═════ DATA PROVIDED

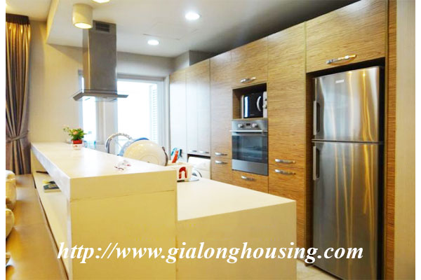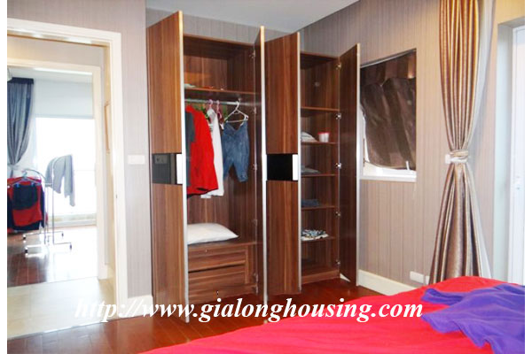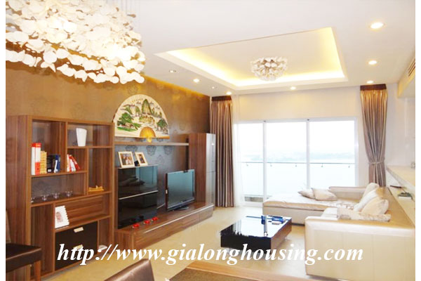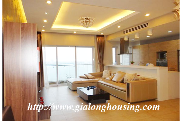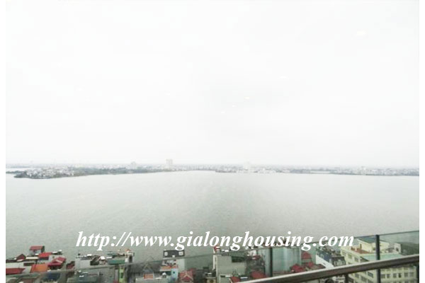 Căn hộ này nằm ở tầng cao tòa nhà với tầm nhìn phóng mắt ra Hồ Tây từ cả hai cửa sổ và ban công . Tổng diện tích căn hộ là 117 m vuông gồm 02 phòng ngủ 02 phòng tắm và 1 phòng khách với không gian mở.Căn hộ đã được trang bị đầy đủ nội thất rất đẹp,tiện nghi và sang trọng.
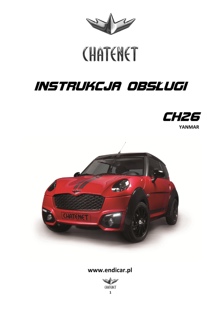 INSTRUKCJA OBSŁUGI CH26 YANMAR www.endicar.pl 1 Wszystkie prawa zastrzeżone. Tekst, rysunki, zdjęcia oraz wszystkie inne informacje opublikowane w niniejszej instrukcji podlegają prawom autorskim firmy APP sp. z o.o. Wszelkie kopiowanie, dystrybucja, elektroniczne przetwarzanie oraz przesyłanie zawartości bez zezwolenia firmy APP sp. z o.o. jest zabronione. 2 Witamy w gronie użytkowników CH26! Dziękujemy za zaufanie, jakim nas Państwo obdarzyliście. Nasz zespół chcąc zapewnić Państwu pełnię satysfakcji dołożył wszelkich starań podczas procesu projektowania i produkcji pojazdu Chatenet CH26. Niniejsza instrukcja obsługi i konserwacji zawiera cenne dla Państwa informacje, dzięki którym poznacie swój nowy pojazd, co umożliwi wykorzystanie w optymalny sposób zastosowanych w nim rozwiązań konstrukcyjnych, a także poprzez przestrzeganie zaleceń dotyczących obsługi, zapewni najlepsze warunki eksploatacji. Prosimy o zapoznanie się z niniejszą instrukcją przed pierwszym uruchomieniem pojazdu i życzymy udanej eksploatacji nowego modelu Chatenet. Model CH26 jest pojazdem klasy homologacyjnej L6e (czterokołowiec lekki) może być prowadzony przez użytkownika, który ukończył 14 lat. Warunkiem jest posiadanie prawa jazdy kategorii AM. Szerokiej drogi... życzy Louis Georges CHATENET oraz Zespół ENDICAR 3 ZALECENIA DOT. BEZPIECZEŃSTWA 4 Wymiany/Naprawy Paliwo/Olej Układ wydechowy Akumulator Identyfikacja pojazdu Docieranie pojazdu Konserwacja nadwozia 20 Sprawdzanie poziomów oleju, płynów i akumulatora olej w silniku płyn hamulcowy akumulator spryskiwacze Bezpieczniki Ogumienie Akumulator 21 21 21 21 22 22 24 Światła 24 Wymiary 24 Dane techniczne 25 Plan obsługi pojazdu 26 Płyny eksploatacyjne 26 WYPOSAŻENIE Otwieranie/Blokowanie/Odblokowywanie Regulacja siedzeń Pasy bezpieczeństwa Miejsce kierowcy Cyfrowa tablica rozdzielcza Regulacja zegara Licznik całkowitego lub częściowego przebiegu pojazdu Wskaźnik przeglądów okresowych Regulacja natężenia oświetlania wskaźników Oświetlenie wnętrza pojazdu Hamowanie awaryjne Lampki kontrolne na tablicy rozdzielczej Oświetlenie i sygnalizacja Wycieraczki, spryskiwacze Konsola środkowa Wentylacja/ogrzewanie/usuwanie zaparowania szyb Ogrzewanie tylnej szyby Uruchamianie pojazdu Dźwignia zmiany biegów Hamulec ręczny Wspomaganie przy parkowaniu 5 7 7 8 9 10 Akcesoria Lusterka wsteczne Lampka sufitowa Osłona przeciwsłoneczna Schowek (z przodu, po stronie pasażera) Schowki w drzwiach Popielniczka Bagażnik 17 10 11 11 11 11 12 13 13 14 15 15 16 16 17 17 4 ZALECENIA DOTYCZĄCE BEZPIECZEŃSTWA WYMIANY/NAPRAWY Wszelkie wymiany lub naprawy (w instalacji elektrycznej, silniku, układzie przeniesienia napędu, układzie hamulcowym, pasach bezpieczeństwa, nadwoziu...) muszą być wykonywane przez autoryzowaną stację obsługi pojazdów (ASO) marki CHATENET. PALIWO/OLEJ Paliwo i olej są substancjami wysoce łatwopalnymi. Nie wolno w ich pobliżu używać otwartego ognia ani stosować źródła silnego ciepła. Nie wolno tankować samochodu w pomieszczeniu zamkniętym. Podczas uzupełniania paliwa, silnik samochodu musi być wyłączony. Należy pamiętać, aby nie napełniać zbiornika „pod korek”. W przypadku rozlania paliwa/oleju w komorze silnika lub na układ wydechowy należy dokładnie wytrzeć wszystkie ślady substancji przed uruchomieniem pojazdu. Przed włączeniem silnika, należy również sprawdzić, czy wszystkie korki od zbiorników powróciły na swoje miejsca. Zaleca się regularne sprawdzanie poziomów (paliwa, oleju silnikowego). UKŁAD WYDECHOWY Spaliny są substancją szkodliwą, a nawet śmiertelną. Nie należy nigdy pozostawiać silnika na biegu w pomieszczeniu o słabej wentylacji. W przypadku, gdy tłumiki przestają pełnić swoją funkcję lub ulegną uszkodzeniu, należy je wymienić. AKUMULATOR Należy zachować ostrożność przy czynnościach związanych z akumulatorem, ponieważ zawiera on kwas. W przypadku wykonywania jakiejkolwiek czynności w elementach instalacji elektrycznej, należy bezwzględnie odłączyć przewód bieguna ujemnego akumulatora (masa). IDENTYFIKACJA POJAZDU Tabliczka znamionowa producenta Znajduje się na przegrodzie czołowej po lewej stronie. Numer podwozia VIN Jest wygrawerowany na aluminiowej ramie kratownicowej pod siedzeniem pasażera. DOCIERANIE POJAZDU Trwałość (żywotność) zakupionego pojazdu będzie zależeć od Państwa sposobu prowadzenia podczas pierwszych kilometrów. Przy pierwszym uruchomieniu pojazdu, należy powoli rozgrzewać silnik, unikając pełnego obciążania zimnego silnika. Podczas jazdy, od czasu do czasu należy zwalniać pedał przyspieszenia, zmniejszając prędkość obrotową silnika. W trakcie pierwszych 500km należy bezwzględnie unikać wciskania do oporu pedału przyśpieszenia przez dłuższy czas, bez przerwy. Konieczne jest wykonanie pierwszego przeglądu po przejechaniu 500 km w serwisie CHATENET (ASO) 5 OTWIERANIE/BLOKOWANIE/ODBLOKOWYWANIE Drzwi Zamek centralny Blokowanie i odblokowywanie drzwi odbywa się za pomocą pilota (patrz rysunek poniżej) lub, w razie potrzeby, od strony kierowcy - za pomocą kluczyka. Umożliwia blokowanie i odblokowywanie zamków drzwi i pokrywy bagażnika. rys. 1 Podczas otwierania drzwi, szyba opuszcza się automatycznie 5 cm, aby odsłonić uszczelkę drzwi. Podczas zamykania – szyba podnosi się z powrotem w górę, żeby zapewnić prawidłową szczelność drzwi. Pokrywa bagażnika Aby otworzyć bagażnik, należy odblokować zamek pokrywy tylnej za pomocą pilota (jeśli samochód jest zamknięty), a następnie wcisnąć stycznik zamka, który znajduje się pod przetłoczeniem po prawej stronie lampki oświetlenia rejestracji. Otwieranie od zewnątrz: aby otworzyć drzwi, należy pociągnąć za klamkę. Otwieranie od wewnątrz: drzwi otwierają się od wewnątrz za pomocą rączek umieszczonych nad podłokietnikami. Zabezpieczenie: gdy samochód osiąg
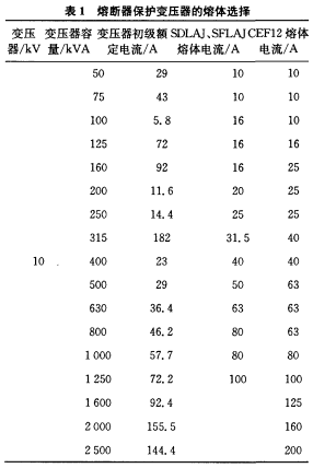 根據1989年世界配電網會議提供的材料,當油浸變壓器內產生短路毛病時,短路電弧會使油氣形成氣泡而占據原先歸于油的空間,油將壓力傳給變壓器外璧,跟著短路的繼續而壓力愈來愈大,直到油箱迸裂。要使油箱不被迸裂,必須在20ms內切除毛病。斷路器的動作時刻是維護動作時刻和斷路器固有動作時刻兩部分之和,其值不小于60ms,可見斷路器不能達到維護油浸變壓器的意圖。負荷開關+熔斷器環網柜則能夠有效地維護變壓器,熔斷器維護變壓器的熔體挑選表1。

══════════

**PROBLEM:**
The required output is the listing above reproduced exactly, pictures removed.

**PROBLEM SOLUTION:**
 Căn hộ này nằm ở tầng cao tòa nhà với tầm nhìn phóng mắt ra Hồ Tây từ cả hai cửa sổ và ban công . Tổng diện tích căn hộ là 117 m vuông gồm 02 phòng ngủ 02 phòng tắm và 1 phòng khách với không gian mở.Căn hộ đã được trang bị đầy đủ nội thất rất đẹp,tiện nghi và sang trọng.
 INSTRUKCJA OBSŁUGI CH26 YANMAR www.endicar.pl 1 Wszystkie prawa zastrzeżone. Tekst, rysunki, zdjęcia oraz wszystkie inne informacje opublikowane w niniejszej instrukcji podlegają prawom autorskim firmy APP sp. z o.o. Wszelkie kopiowanie, dystrybucja, elektroniczne przetwarzanie oraz przesyłanie zawartości bez zezwolenia firmy APP sp. z o.o. jest zabronione. 2 Witamy w gronie użytkowników CH26! Dziękujemy za zaufanie, jakim nas Państwo obdarzyliście. Nasz zespół chcąc zapewnić Państwu pełnię satysfakcji dołożył wszelkich starań podczas procesu projektowania i produkcji pojazdu Chatenet CH26. Niniejsza instrukcja obsługi i konserwacji zawiera cenne dla Państwa informacje, dzięki którym poznacie swój nowy pojazd, co umożliwi wykorzystanie w optymalny sposób zastosowanych w nim rozwiązań konstrukcyjnych, a także poprzez przestrzeganie zaleceń dotyczących obsługi, zapewni najlepsze warunki eksploatacji. Prosimy o zapoznanie się z niniejszą instrukcją przed pierwszym uruchomieniem pojazdu i życzymy udanej eksploatacji nowego modelu Chatenet. Model CH26 jest pojazdem klasy homologacyjnej L6e (czterokołowiec lekki) może być prowadzony przez użytkownika, który ukończył 14 lat. Warunkiem jest posiadanie prawa jazdy kategorii AM. Szerokiej drogi... życzy Louis Georges CHATENET oraz Zespół ENDICAR 3 ZALECENIA DOT. BEZPIECZEŃSTWA 4 Wymiany/Naprawy Paliwo/Olej Układ wydechowy Akumulator Identyfikacja pojazdu Docieranie pojazdu Konserwacja nadwozia 20 Sprawdzanie poziomów oleju, płynów i akumulatora olej w silniku płyn hamulcowy akumulator spryskiwacze Bezpieczniki Ogumienie Akumulator 21 21 21 21 22 22 24 Światła 24 Wymiary 24 Dane techniczne 25 Plan obsługi pojazdu 26 Płyny eksploatacyjne 26 WYPOSAŻENIE Otwieranie/Blokowanie/Odblokowywanie Regulacja siedzeń Pasy bezpieczeństwa Miejsce kierowcy Cyfrowa tablica rozdzielcza Regulacja zegara Licznik całkowitego lub częściowego przebiegu pojazdu Wskaźnik przeglądów okresowych Regulacja natężenia oświetlania wskaźników Oświetlenie wnętrza pojazdu Hamowanie awaryjne Lampki kontrolne na tablicy rozdzielczej Oświetlenie i sygnalizacja Wycieraczki, spryskiwacze Konsola środkowa Wentylacja/ogrzewanie/usuwanie zaparowania szyb Ogrzewanie tylnej szyby Uruchamianie pojazdu Dźwignia zmiany biegów Hamulec ręczny Wspomaganie przy parkowaniu 5 7 7 8 9 10 Akcesoria Lusterka wsteczne Lampka sufitowa Osłona przeciwsłoneczna Schowek (z przodu, po stronie pasażera) Schowki w drzwiach Popielniczka Bagażnik 17 10 11 11 11 11 12 13 13 14 15 15 16 16 17 17 4 ZALECENIA DOTYCZĄCE BEZPIECZEŃSTWA WYMIANY/NAPRAWY Wszelkie wymiany lub naprawy (w instalacji elektrycznej, silniku, układzie przeniesienia napędu, układzie hamulcowym, pasach bezpieczeństwa, nadwoziu...) muszą być wykonywane przez autoryzowaną stację obsługi pojazdów (ASO) marki CHATENET. PALIWO/OLEJ Paliwo i olej są substancjami wysoce łatwopalnymi. Nie wolno w ich pobliżu używać otwartego ognia ani stosować źródła silnego ciepła. Nie wolno tankować samochodu w pomieszczeniu zamkniętym. Podczas uzupełniania paliwa, silnik samochodu musi być wyłączony. Należy pamiętać, aby nie napełniać zbiornika „pod korek”. W przypadku rozlania paliwa/oleju w komorze silnika lub na układ wydechowy należy dokładnie wytrzeć wszystkie ślady substancji przed uruchomieniem pojazdu. Przed włączeniem silnika, należy również sprawdzić, czy wszystkie korki od zbiorników powróciły na swoje miejsca. Zaleca się regularne sprawdzanie poziomów (paliwa, oleju silnikowego). UKŁAD WYDECHOWY Spaliny są substancją szkodliwą, a nawet śmiertelną. Nie należy nigdy pozostawiać silnika na biegu w pomieszczeniu o słabej wentylacji. W przypadku, gdy tłumiki przestają pełnić swoją funkcję lub ulegną uszkodzeniu, należy je wymienić. AKUMULATOR Należy zachować ostrożność przy czynnościach związanych z akumulatorem, ponieważ zawiera on kwas. W przypadku wykonywania jakiejkolwiek czynności w elementach instalacji elektrycznej, należy bezwzględnie odłączyć przewód bieguna ujemnego akumulatora (masa). IDENTYFIKACJA POJAZDU Tabliczka znamionowa producenta Znajduje się na przegrodzie czołowej po lewej stronie. Numer podwozia VIN Jest wygrawerowany na aluminiowej ramie kratownicowej pod siedzeniem pasażera. DOCIERANIE POJAZDU Trwałość (żywotność) zakupionego pojazdu będzie zależeć od Państwa sposobu prowadzenia podczas pierwszych kilometrów. Przy pierwszym uruchomieniu pojazdu, należy powoli rozgrzewać silnik, unikając pełnego obciążania zimnego silnika. Podczas jazdy, od czasu do czasu należy zwalniać pedał przyspieszenia, zmniejszając prędkość obrotową silnika. W trakcie pierwszych 500km należy bezwzględnie unikać wciskania do oporu pedału przyśpieszenia przez dłuższy czas, bez przerwy. Konieczne jest wykonanie pierwszego przeglądu po przejechaniu 500 km w serwisie CHATENET (ASO) 5 OTWIERANIE/BLOKOWANIE/ODBLOKOWYWANIE Drzwi Zamek centralny Blokowanie i odblokowywanie drzwi odbywa się za pomocą pilota (patrz rysunek poniżej) lub, w razie potrzeby, od strony kierowcy - za pomocą kluczyka. Umożliwia blokowanie i odblokowywanie zamków drzwi i pokrywy bagażnika. rys. 1 Podczas otwierania drzwi, szyba opuszcza się automatycznie 5 cm, aby odsłonić uszczelkę drzwi. Podczas zamykania – szyba podnosi się z powrotem w górę, żeby zapewnić prawidłową szczelność drzwi. Pokrywa bagażnika Aby otworzyć bagażnik, należy odblokować zamek pokrywy tylnej za pomocą pilota (jeśli samochód jest zamknięty), a następnie wcisnąć stycznik zamka, który znajduje się pod przetłoczeniem po prawej stronie lampki oświetlenia rejestracji. Otwieranie od zewnątrz: aby otworzyć drzwi, należy pociągnąć za klamkę. Otwieranie od wewnątrz: drzwi otwierają się od wewnątrz za pomocą rączek umieszczonych nad podłokietnikami. Zabezpieczenie: gdy samochód osiąg
 根據1989年世界配電網會議提供的材料,當油浸變壓器內產生短路毛病時,短路電弧會使油氣形成氣泡而占據原先歸于油的空間,油將壓力傳給變壓器外璧,跟著短路的繼續而壓力愈來愈大,直到油箱迸裂。要使油箱不被迸裂,必須在20ms內切除毛病。斷路器的動作時刻是維護動作時刻和斷路器固有動作時刻兩部分之和,其值不小于60ms,可見斷路器不能達到維護油浸變壓器的意圖。負荷開關+熔斷器環網柜則能夠有效地維護變壓器,熔斷器維護變壓器的熔體挑選表1。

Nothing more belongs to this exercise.